POST /v1/payments with paymentMethod=MOBILE_MONEY now returns hostedPaymentUrl. Redirect your customer there and ZyndPay handles the OTP form, the operator instruction, and the status polling on a ZyndPay-branded page. The legacy direct flow (nextStep / operatorCode / instruction + Submit OTP) is still supported for merchants who want full control of the UI, but new integrations should prefer the hosted flow.

POST /v1/withdrawals no longer enforces the 24-hour cooldown on newly added whitelist addresses when called with an API key. The cooldown was designed to defend against compromised dashboard sessions; it is not a useful defense against a stolen API key (which already has access to every pre-existing whitelisted address). Dashboard / JWT-session withdrawals keep the cooldown unchanged. Payouts already had this behavior since launch — withdrawals now match. The real defenses for a stolen key remain key rotation, IP allowlist, monitoring, and AML screening on the destination.

@zyndpay/sdk 1.6.0 (npm), zyndpay 1.6.0 (PyPI), and zyndpay/zyndpay-php 1.6.0 (Packagist) gain 12 new methods each: wallets.{listWhitelist,addToWhitelist,bulkAddToWhitelist,updateWhitelistContexts,removeFromWhitelist} and a new webhookEndpoints resource (create / list / get / update / delete / rotateSecret / reactivate / sendTestEvent). Pair the new wallets methods with the wallets_read/wallets_write scopes; webhook CRUD requires webhooks_read/webhooks_write.

POST/GET/PATCH/DELETE /v1/merchants/fiat-destinations now accept API keys (previously dashboard-only). Use the new fiat_destinations_read / fiat_destinations_write scopes — create a key with the Fiat Destinations scope group under Dashboard → API Keys.

POST /v1/wallets/whitelist/bulk now accepts an optional usageContexts array applied to every address in the batch (defaults to ["WITHDRAWAL"] for back-compat). Send ["WITHDRAWAL", "PAYOUT"] to make addresses immediately payout-eligible without per-entry PATCHing.

All /v1/wallets/whitelist endpoints now accept API keys with the new wallets_read (list) / wallets_write (mutations) scopes — same DualAuthGuard pattern as payouts and withdrawals. Newly added addresses keep the 24-hour security cooldown before they can receive a withdrawal.

Replace the usageContexts of an existing whitelist entry — for example to widen a WITHDRAWAL-only address to also accept PAYOUT — without restarting the 24-hour cooldown.
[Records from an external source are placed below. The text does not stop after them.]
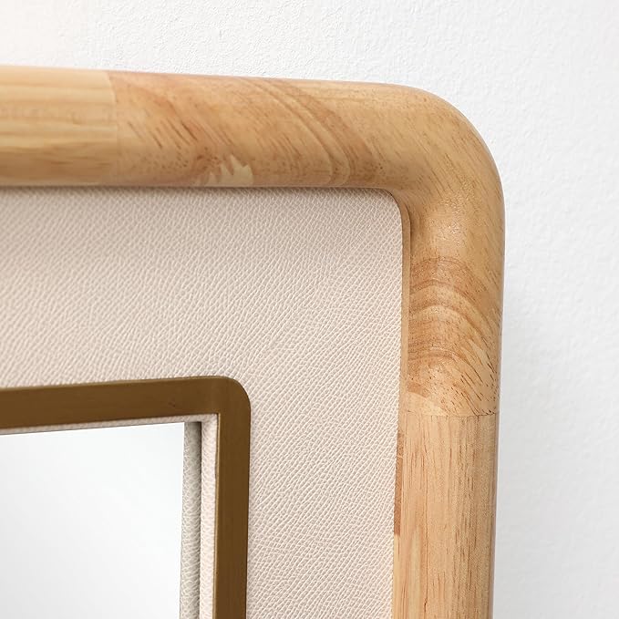 - Unique Rectangle Mirror: This rounded rectangle wall mirror features a unique frame crafted from natural rubber wood combined with PU leather and iron accents, making it a stylish addition to both contemporary and organic interiors.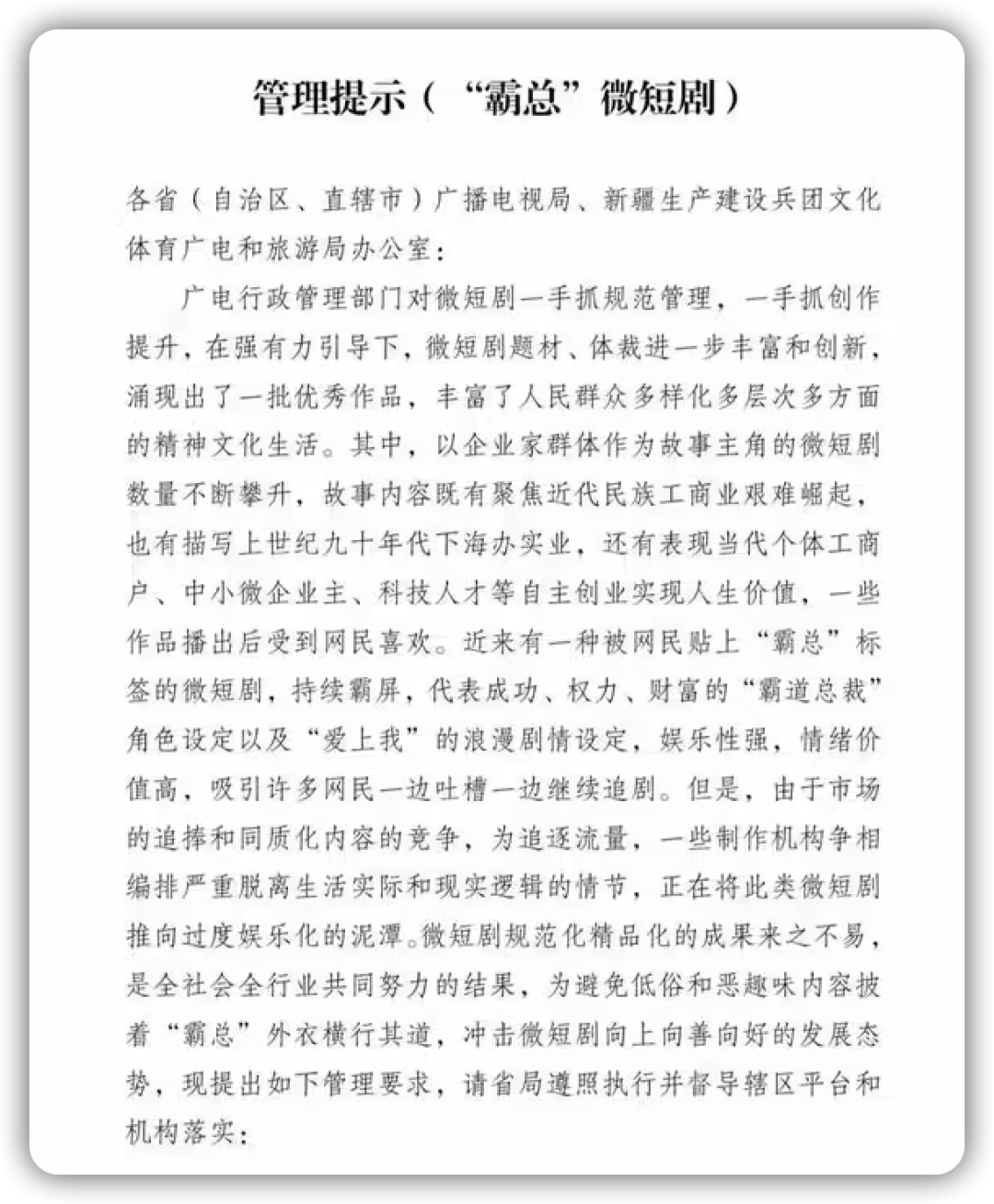 首先是上个月,广电总局网络视听司发布了一则针对「霸总」微短剧的管理提示。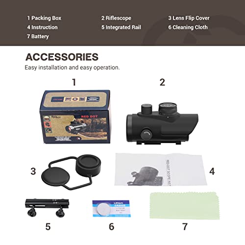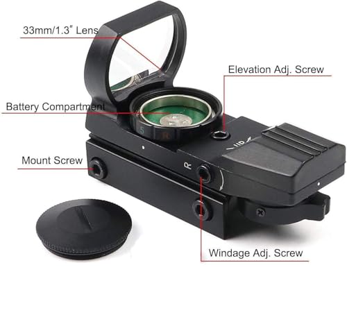 - Punto rojo caza con lente multi-revestida de 30mm mostrar imágenes más brillantes y claras, y un amplio campo de visión de(19m at 100m), adecuado para disparos rápidos de blancos en movimiento y normales.
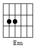 Det här är ett E moll-ackord. För att få ett mollackord sänker man tersen ett halv tonsteg. Vi får treklangen grundton (E), liten ters (G) och kvint (B). Vi såg i durackordet att tersen bara finns på G-strängen. Alltså sänker vi G# till G. För övrigt är ackordet identiskt med det föregående.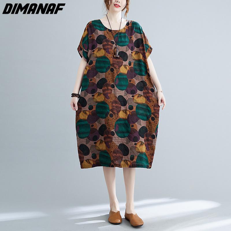 DIMANAF женское платье больших размеров, новинка 2023 года, летний стиль, с коротким рукавом, круглым вырезом, цветочным принтом, базовое свободное платье, новинка 5105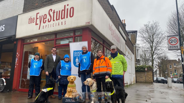 Local Guide Dog owners and volunteers met to thank Chiswick residents for their donations made through the "life sized Guide Dog" on Chiswick High Road.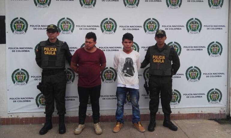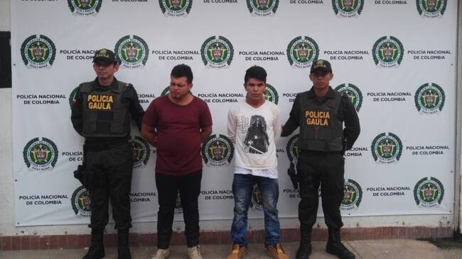 Según el coronel de la policía, Miguel Ángel Botía Murillo, fueron capturados Dilson Yesid Montenegro Montenegro de 20 años de edad y Leonardo Hermey de 28 años de edad, cuando le exigían una suma de dinero al propietario de un establecimiento comercial.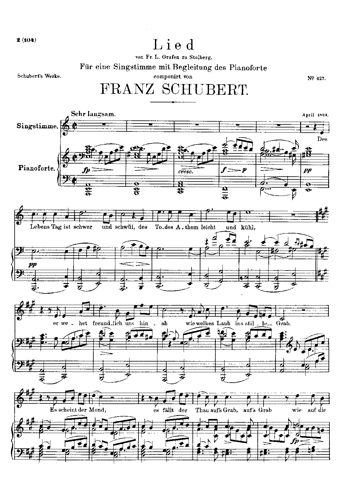 Publisher. Info. Schubert's Werke, Serie XX, Band 7. 1822-23 b.z. 'Die schönen MĂŒlerin', No.427 (pp.104-05)

Three additional dispute lifecycle events are now subscribable: dispute.resolved, dispute.rejected, dispute.escalated. The full canonical event list is documented in the Webhooks section of this portal — subscribe only to events listed there to avoid silent no-ops.

Requests with an unknown currency code now return a 400 with a structured VALIDATION_ERROR payload, matching the rest of the API. No change for valid currency codes (USDT_TRC20, XOF).

GET /v1/merchant/usage/rate-limit and /v1/merchant/usage/limits now accept API keys with the analytics_read scope, so programmatic merchants can monitor their own quotas.

dev.zyndpay.io is now the canonical home for API docs, SDK guides, webhook signature examples, and the error code catalog. Swagger remains the OpenAPI source of truth and is mirrored into the API reference section.

Endpoints now enforce abuse-protection quotas (issue #198). Exceeding a quota returns RATE_LIMITED with a Retry-After header.

dispute.opened and dispute.escalated webhook events added (issue #200).

Upstream compliance calls now fail closed (issue #240). Expect COMPLIANCE_HOLD rather than a silent pass when Chainalysis is degraded.

GET /v1/invoices/:id/pdf returns a signed, printable invoice (issue #197).